Memasukan "fitnah" sebagai sebuah ukuran verbal dalam jurnalisme juga cukup problematis. Bukan substansinya, tapi verbalismenya. Ukuran "faktual" dan "cover both sides" sebenarnya sudah cukup memagari standar jurnalistik. Saya khawatir, hanya karena intensi untuk memberikan pembenaran atas kekacauan praktik jurnalisme politik paling kurang pada dua tahun terakhir ini, setelah ini jangan-jangan "suudzon" (prasangka buruk) juga menjadi ukuran baru yang lain. Bagaimana, misalnya, para jurnalis bisa melakukan liputan investigatif jika "presumption of guilty" yang biasanya menjadi dasar sebuah liputan investigatif tiba-tiba dianggap sebagai 'suudzon', sebuah sikap yang dalam kacamata agama bernilai dosa. Menyerap kosakata sejenis "fitnah" ke dalam perbincangan jurnalistik, apalagi dilakukan oleh para jurnalis sendiri, menurut saya adalah sebuah kemunduran dengan komplikasi terusan yang tak terbayangkan.

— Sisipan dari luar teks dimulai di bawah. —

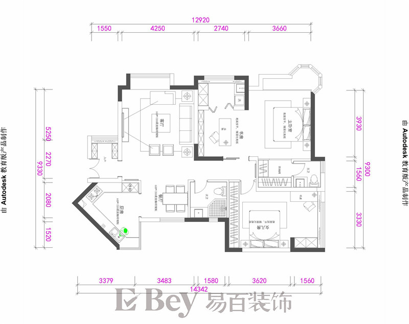本案原始為三室,但是業主只考慮自己和女兒兩個人居住,所以在規劃的時候對墻體進行了局部改造,讓空間得到充分利用。

Dan terus terang saya merasa geli ketika GM menggunakan Fikiran Ra'jat sebagai contoh ukuran bagi jurnalisme yang tidak netral itu. Fikiran Ra'jat adalah media agitasi dan propaganda (agitprop) kaum pergerakan kebangsaan, seperti halnya Majalah Daulat Ra'jat yang digawangi Hatta, dan media-media kaum pergerakan lainnya di masa itu. Media-media itu diterbitkan sebagai alat propaganda untuk menyebarkan kesadaran kebangsaan. Tepatkah menjadikan media propaganda sebagai standar jurnalistik? Kalau begitu, apakah GM sedang memproklamirkan secara terbuka bahwa media yang pernah dilahirkannya kini juga adalah sejenis media agitprop?! Selain faktor "fitnah", berarti tak ada bedanya dong antara Koran Tempo dengan Obor Rakyat jika begitu?! Apa memang iya begitu?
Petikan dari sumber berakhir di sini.